Submitted to: Plant Physiology
Publication Type: Peer Reviewed Journal
Publication Acceptance Date: 10/22/2004
Publication Date: 1/1/2005
Citation: Aroca, R., Amodeo, G., Fernandez-Illescas, S., Herman, E.M., Chaumont, F., Chrispells, M.J. 2005. The role of aquaporins and membrane damage in chilling and hydrogen peroxide induced changes in the hydraulic conductance of maize roots. Plant Physiology. 137:341-353.
Interpretive Summary: One of the major physiological functions of plant tissues is to mediate the movement of water from one part of the plant to another. The shifting of water distribution through the plant is a key feature of normal growth as well as in stresses, in particular drought and freezing stress. The movement of water through a plant is facilitated by specific channels in the plant cell's membranes termed aquaporins. The aquaporins are a large gene family with various members independently regulated by development and stress. In the present paper the role of aquaporins were examined in chilling stress in a cold-sensitive plant, maize.

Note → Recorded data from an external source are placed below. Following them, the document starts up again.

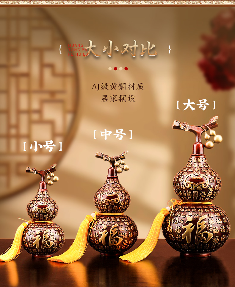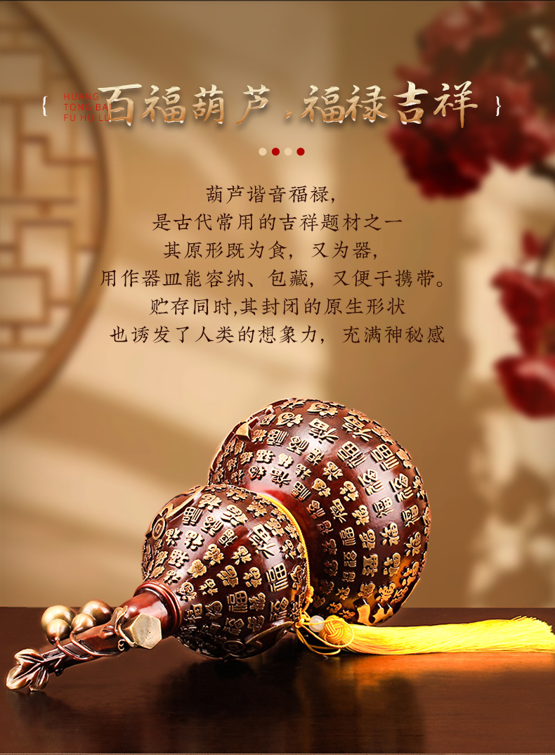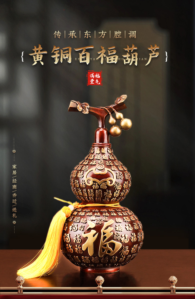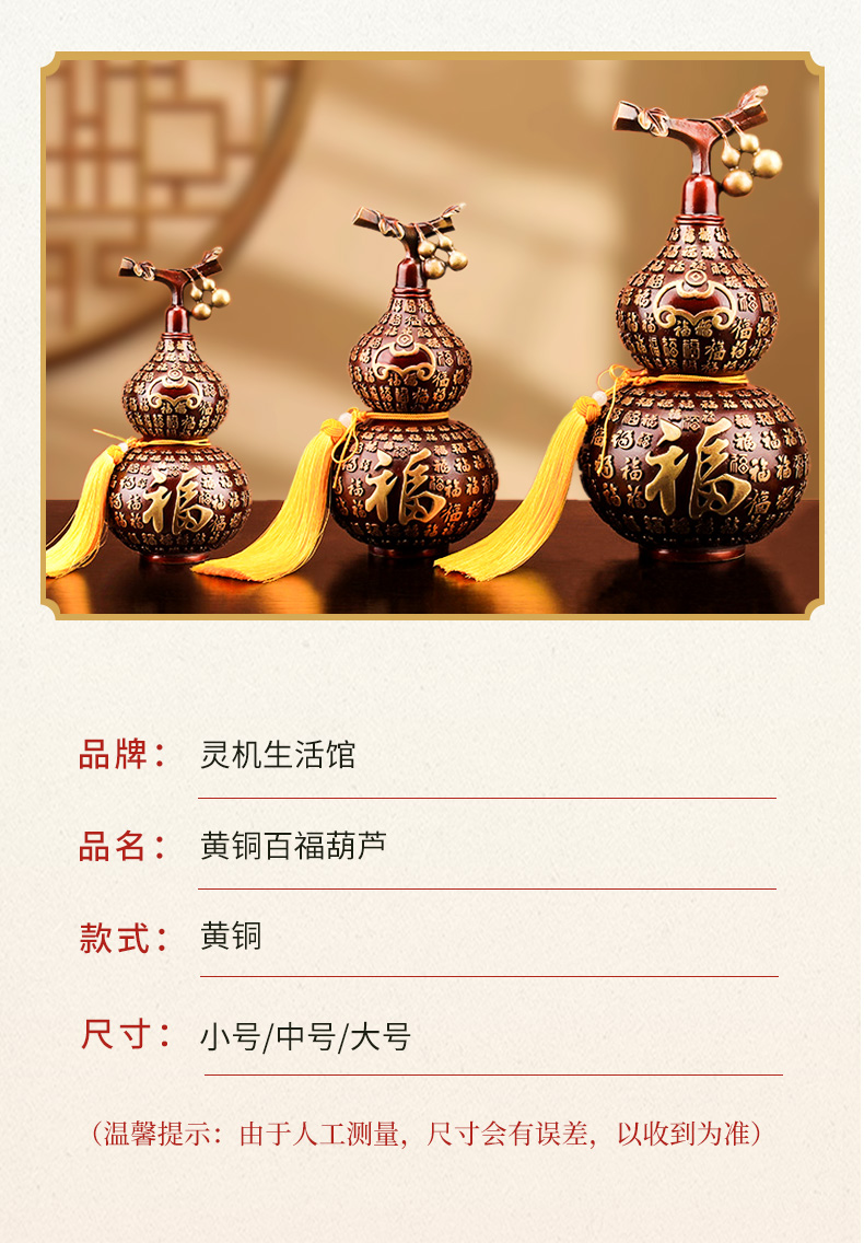 灵机麦玲玲2026马年百福葫芦摆件黄铜古朴厚重开盖彩铜家居办公室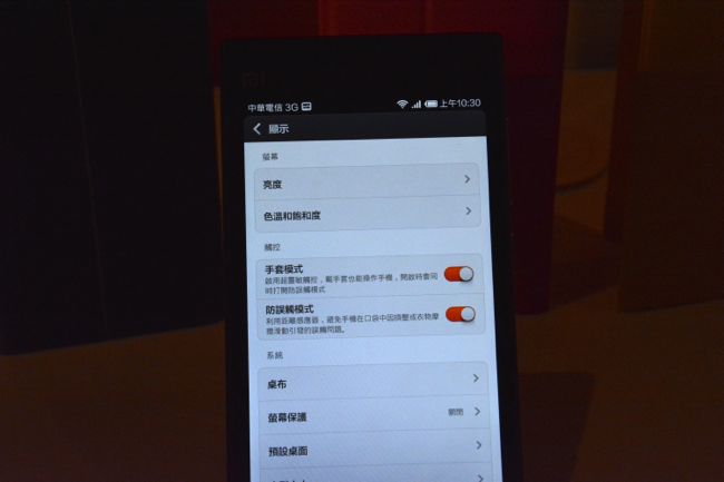 手機特色部分,這次小米3使用LG 與 SHARP的螢幕,使用者只要開啓手套模式後,不管是濕的手或是帶著手套,都可以直接在螢幕上進行操作。 DSC_0069 DSC_0072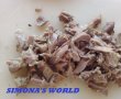 Cand carnea este fiarta, se scot bucatile din oala, oasele se dau deoparte, carnea se taie, binenteles, in cubulete mici.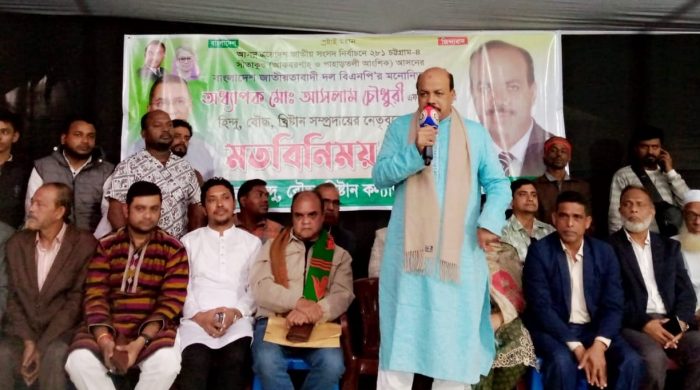 হিন্দু বৌদ্ধ খ্রীষ্টান ঐক্য ফ্রন্টের সভাপতি রতন কুমার নাথের সভাপতিত্বে ও গোপাল শর্মার সঞ্চালনায় উক্ত মতবিনিময় সভায় অন্যান্যদের মধ্যে বক্তব্য রাখেন আসলাম চৌধুরীর কন্যা মেহরীন আনহার উজমা, হিন্দু বৌদ্ধ খ্রীষ্টান ঐক্য ফ্রন্টের কেন্দ্রীয় কমিটির ধর্ম বিষয়ক সম্পাদক ঝুলন কান্তি রায়, বিভাগীয় সাংগঠনিক সম্পাদক রাজিব ধর তমাল, উত্তর জেলা কমিটির আহবায়ক জিতেন্দ্র নারায়ন দাশ নাটু, সদস্য সচিব জুয়েল চক্রবর্তী, মনোজ কুমার নাথ, অমলেন্দু কনক, সুকুমার ত্রিপুরা, সুশিল দাশ, অমরেন্দু ভট্টাচার্য, নন্দন চক্রবর্তী, মোহন পাল, ধ্রুব কুমার দাম, সানন্দা সাগর, দুলাল বড়ুয়া।

By comparing a chilling sensitive and a chilling sensitive cultivar we were able to show that the aquaporins have a necessary but not the sole role in the response to cold and avoiding injury. The results presented in this paper are primarily useful to academic investigators concerned with the response of plants to chilling injury, however, the identification of specific necessary genes may be of use to breeders as markers in the objective is to improve stress tolerance.

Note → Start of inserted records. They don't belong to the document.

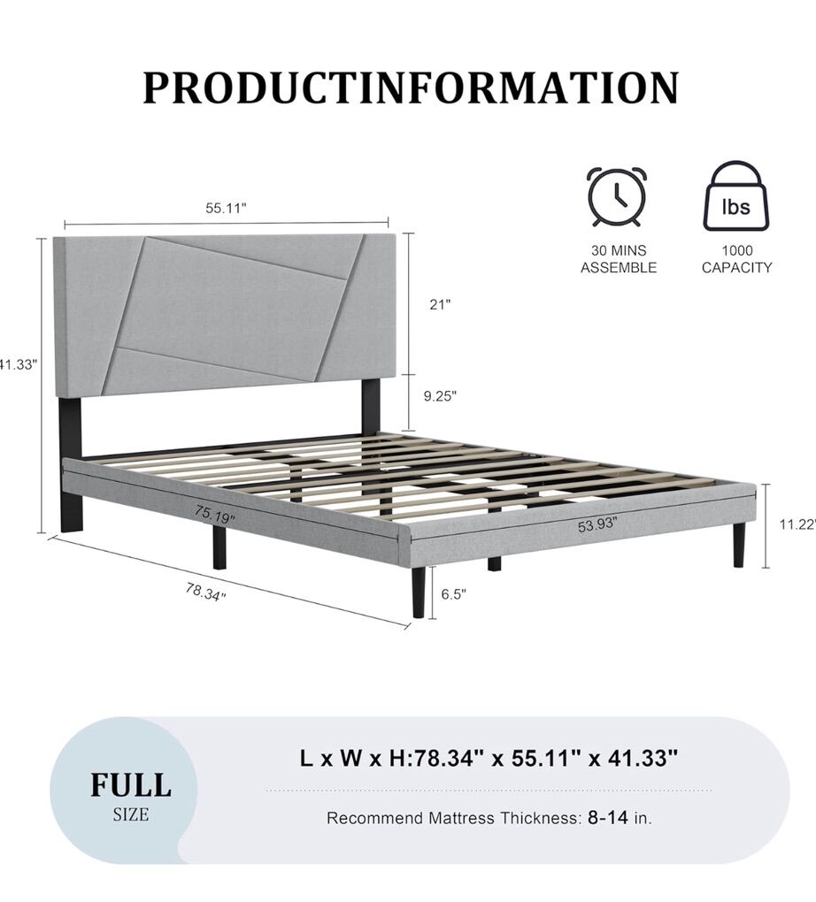 VenmoBrand New in the Box Full Size Bed Frame Platform with Velvet Upholstered Headboard, Geometric, Sturdy Frame and Wooden Slats, Noiseless, No Box Spring Required, Easy to Assemble, Pink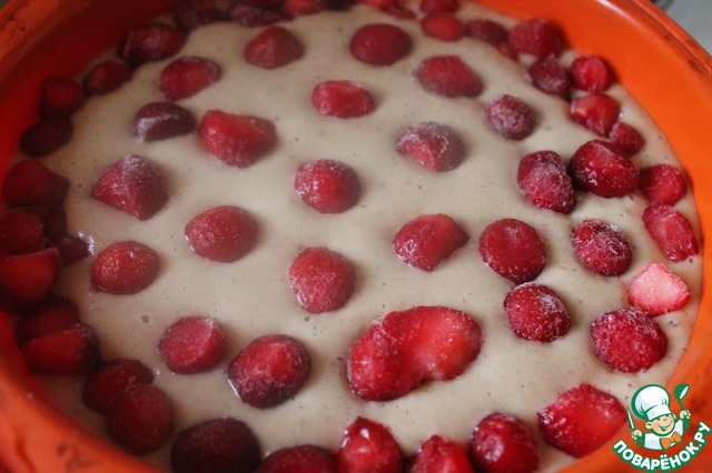 Тесто вылить в форму, смазанную маслом, выложить сверху ягоды клубники. Выпекать при 200 градусах 35 минут.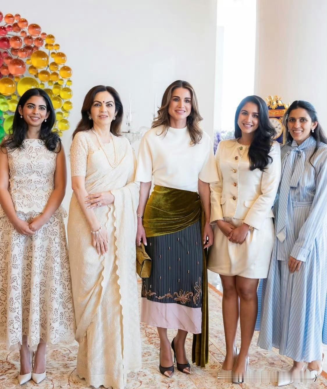 拉尼娅王后访问印度,印度首富夫妇在孟买热情迎接!在场的还有首富的子女们!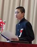 現生徒会長から「先輩と同じ時間を過ごせたことを嬉しく思います。」と感謝にあふれた送辞、前生徒会長から「みんなで一つを追い求める喜びを知った。言葉は自分に返ってくる。ポジティブに考えて言葉を発してほしい。」との後輩へのアドバイスを込めた答辞が述べられました。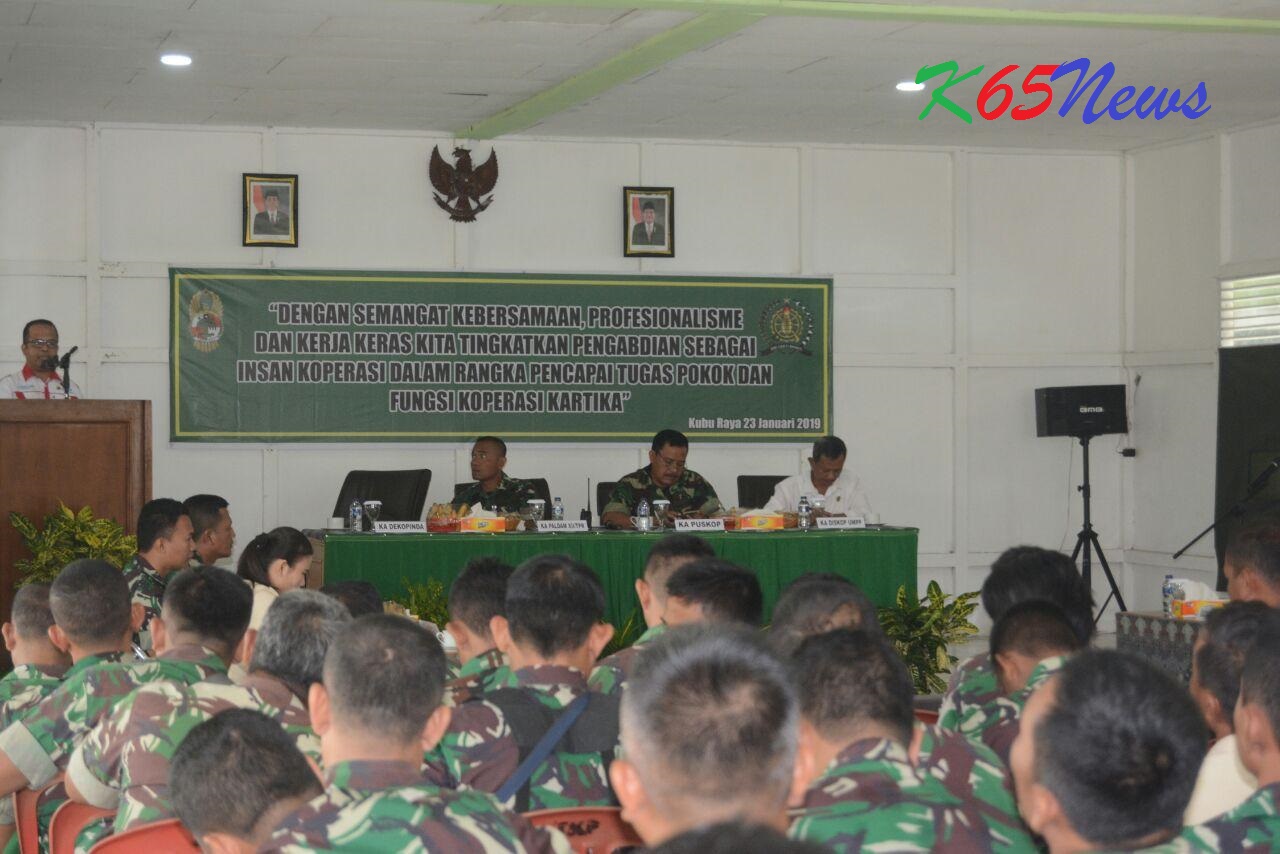 KUBU RAYA – Kepala Peralatan Kodam XII/Tanjungpura, Letnan Kolonel Cpl Octovianus Oscar Engelberth, S.I.P membuka Rapat Anggota Tahunan (RAT) Ke-8 Primer Koperasi Jasa Kartika Dwi Cakti Bhakti dan Tutup Buku Tahun 2018 di Aula Paldam XII/Tpr, Jalan Adi Sucipto, Sungai Raya, Kubu Raya, Rabu (23/1/19).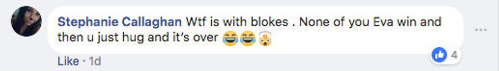 These two feisty Australians, who were just madly grappling with one another moments before, then hug it out—their beef effectively squashed.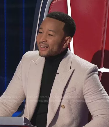 on The Voice on NBC was spotted wearing this white double breasted blazer on The Voice on Nov 16 2021's episode. 's Jacket is the Double-Breasted Felted-Wool Blend Suit Jacket by Amiri.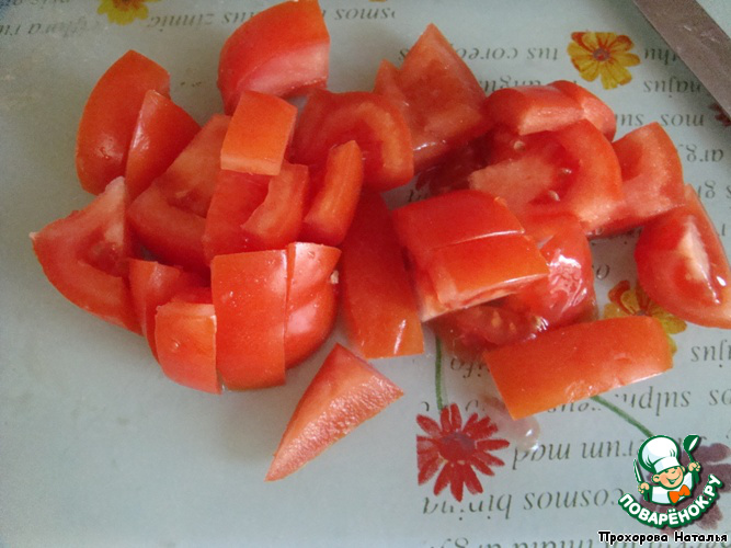 Помидор тоже порезать крупными квадратиками.

Technical Abstract: When chilling-sensitive plants are chilled, root hydraulic conductance (Lo) declines precipitously; Lo also declines in chilling-tolerant plants, but it subsequently recovers, whereas in chilling-sensitive plants it does not. As a result, the chilling-sensitive plants dry out and may die. Using a chilling-sensitive and a chilling-tolerant maize genotype, we investigated the effect of chilling on Lo and its relationship to osmotic water permeability of isolated root cortex protoplasts, aquaporin gene expression, aquaporin abundance and aquaporin phosphorylation, H2O2 accumulation in the roots, and electrolyte leakage from the roots. Because chilling can cause H2O2 accumulation we also determined the effects of a short H2O2 treatment of the roots and examined the same parameters. We conclude from these studies that the recovery of Lo during chilling in the chilling-tolerant genotype is made possible by avoiding or repairing membrane damage and by a greater abundance and/or activity of aquaporins. The same changes in aquaporins take place in the chilling-sensitive genotype, but we postulate that membrane damage prevents the Lo recovery. It appears that the aquaporin response is necesssary but not sufficient to respond to chilling injury. The plant must also be able to avoid the oxidative damage that accompanies chilling.